Stop Sizewell C noticed a few points relevant to Sizewell C and nuclear in Liz Truss’s speech on energy.

She said green levies would be temporarily suspended but gave no indication of how long such a suspension would last – potentially the two years that the energy bill price cap would be frozen for. Sizewell C can only be financed by adding a nuclear levy to struggling households, because the markets won’t touch it without being guaranteed money back during construction. (Nuclear is not green, but a Treasury led public consultation on the “taxonomy” of nuclear energy is expected this autumn.) Does this mean Sizewell C could not start during such a freeze?

She said “Great British Nuclear” would be launched later this month, but Sizewell C is not British. It has been developed by two state-owned entities, EDF and CGN, and EDF will have to manage construction. It’s also likely that overseas funders will be necessary. The UK’s nuclear industry is reliant on overseas uranium. Sizewell B is currently fuelled by enriched uranium from Russia and the fuel for its next outage (ordered before the invasion of Ukraine) is from the same source.

Ms Truss announced a Net Zero review and said the Business Secretary is to set out a plan in the next two months on how to make the UK a net energy exporter by 2040. The UK has been regularly exporting energy to France in recent months given that such a high proportion of French nuclear reactors have been offline.

Ms Truss also said that renewable and nuclear generators would move onto Contracts for Difference which would break the price link with gas, but it is unclear what this might mean for Sizewell C, which is expected to be financed via a Regulated Asset Base

Stop Sizewell C says: “By suspending green levies Liz Truss has backed herself into a corner. Slow, damaging, £30 billion Sizewell C can only be financed by adding a nuclear levy to struggling households, because the markets won’t touch it without being guaranteed money back during construction. Her government’s review of Net Zero should conclude that Sizewell C must be cancelled.”

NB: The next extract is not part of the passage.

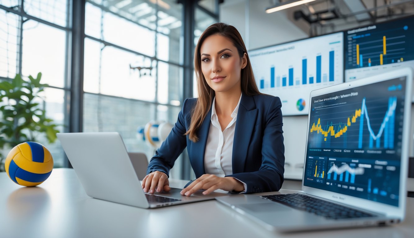 Seorang wanita profesional sedang menganalisis strategi permainan voli di kantor modern dengan alat digital dan bola voli di latar belakang.

A Survation poll for the Mail on Sunday shows overwhelming support for renewable energy, with 74% backing investment in solar, 69% in offshore wind, 64% wave and 63% onshore wind and tidal, compared to just 38% for nuclear. A further 69% backed energy efficiency.

Calculations by Professor Steve Thomas of the University of Greenwich Business School for Stop Sizewell C, suggest even optimistic assumptions about inflation and the overall cost of Sizewell C will increase the burden on households well above the government’s estimate of “£1 a month”.

What will our new Prime Minister mean for Sizewell C?

Press Statement, 5 September 2022

Stop Sizewell C says: “If Liz Truss wants to cut green levies on energy bills and avoid being accused of complete hypocrisy, she will have real trouble supporting Boris Johnson’s last-ditch attempts to tie her to Sizewell C. This slow, damaging £30bn project can only be financed by adding a nuclear levy to struggling households, because the markets won’t touch it without being guaranteed money back during construction. The irony is that the government intends to try and re-label nuclear as “green” – which it certainly isn’t – making Liz Truss’s promise even more of a contradiction.”

A Treasury led public consultation on the “taxonomy” of nuclear energy is expected this autumn.

Liz Truss’s dilemma was highlighted by a Survation poll for the Mail on Sunday shows overwhelming support for renewable energy, with 74% backing investment in solar, 69% in offshore wind, 64% wave and 63% onshore wind and tidal, compared to just 38% for nuclear. A further 69% backed energy efficiency.

 

Calculations by Professor Steve Thomas of the University of Greenwich Business School for Stop Sizewell C, suggest even optimistic assumptions about inflation and the overall cost of Sizewell C will increase the burden on households well above the government’s estimate of “£1 a month”.